* **To do**
Using the records underneath, tally the lines where the word "ศาลเจ" appears and please give only the count.

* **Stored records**
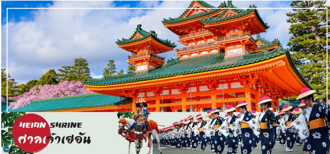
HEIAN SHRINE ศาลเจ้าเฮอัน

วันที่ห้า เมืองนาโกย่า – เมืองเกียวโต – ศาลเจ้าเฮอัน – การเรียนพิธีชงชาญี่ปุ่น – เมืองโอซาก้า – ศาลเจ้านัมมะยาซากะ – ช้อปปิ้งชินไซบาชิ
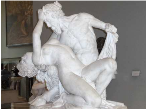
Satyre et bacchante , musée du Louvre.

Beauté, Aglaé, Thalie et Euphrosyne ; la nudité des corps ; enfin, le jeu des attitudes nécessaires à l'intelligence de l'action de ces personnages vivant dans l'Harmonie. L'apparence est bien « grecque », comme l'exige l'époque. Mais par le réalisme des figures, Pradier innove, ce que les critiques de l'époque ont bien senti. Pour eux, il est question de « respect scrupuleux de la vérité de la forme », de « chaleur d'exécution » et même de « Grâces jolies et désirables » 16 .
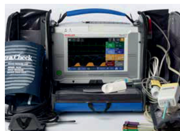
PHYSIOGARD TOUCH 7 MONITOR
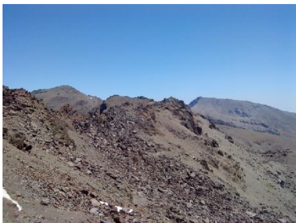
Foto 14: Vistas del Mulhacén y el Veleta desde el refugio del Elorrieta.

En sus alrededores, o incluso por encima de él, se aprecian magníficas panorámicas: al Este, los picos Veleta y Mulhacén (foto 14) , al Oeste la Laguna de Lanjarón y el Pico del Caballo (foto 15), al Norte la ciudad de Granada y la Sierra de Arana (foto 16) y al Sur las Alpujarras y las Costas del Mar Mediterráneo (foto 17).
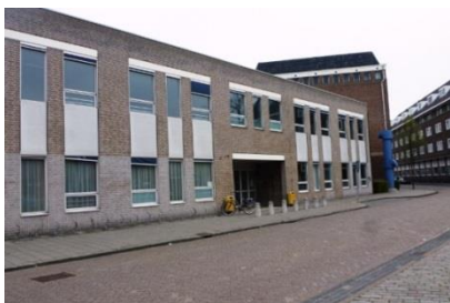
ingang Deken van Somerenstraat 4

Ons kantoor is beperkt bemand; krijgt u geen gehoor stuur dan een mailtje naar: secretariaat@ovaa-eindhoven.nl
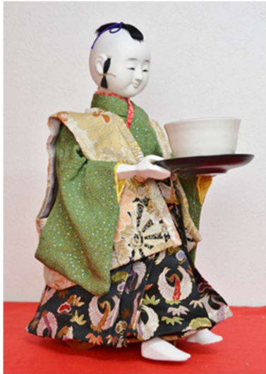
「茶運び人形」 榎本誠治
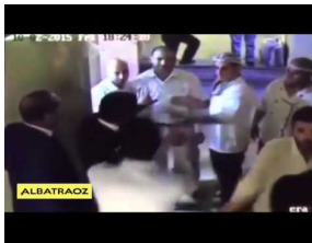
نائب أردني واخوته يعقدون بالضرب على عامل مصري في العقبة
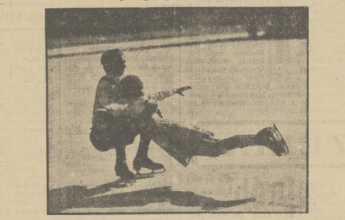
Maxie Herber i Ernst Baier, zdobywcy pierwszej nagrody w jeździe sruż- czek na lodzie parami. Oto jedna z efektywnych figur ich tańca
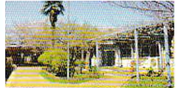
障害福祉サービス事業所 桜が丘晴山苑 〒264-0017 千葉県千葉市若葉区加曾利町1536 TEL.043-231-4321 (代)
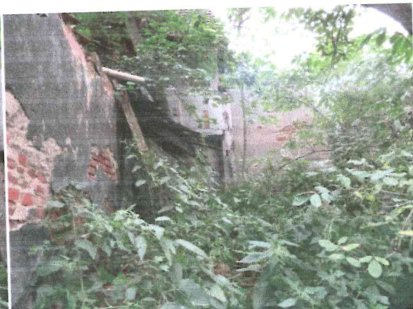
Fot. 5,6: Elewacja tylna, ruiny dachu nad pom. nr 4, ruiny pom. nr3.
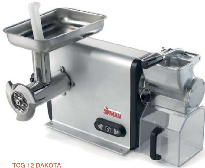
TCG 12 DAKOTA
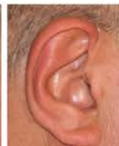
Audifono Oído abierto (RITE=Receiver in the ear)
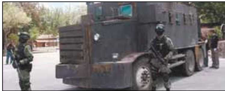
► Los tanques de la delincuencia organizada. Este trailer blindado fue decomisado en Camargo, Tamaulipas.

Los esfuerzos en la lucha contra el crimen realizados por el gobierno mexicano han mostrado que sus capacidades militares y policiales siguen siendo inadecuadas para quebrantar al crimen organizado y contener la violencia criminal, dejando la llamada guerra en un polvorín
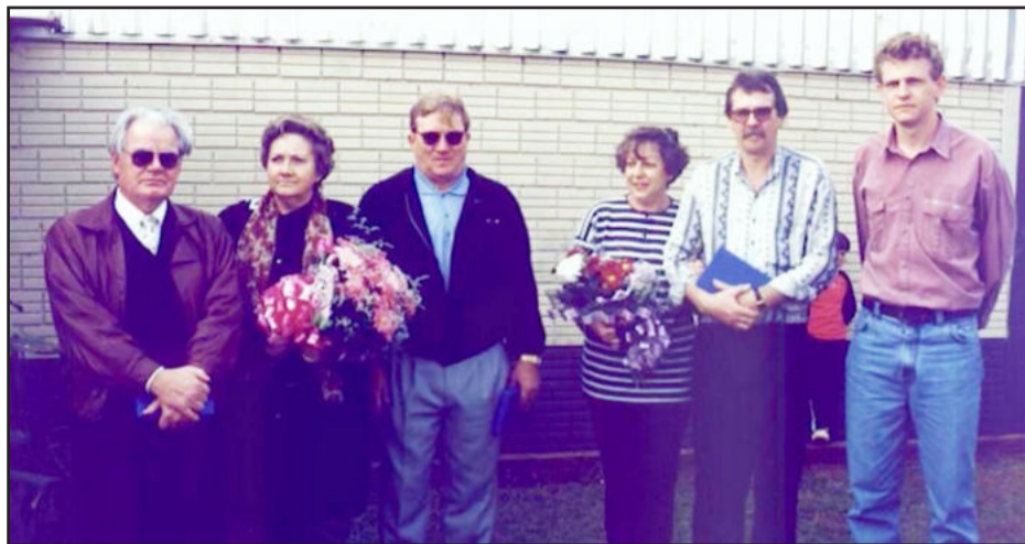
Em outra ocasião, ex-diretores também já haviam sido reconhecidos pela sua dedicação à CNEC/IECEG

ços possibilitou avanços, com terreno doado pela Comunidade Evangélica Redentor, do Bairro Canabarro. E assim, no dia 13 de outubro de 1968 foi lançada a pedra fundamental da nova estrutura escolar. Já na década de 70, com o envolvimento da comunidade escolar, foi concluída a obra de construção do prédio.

* **Result of the task**
2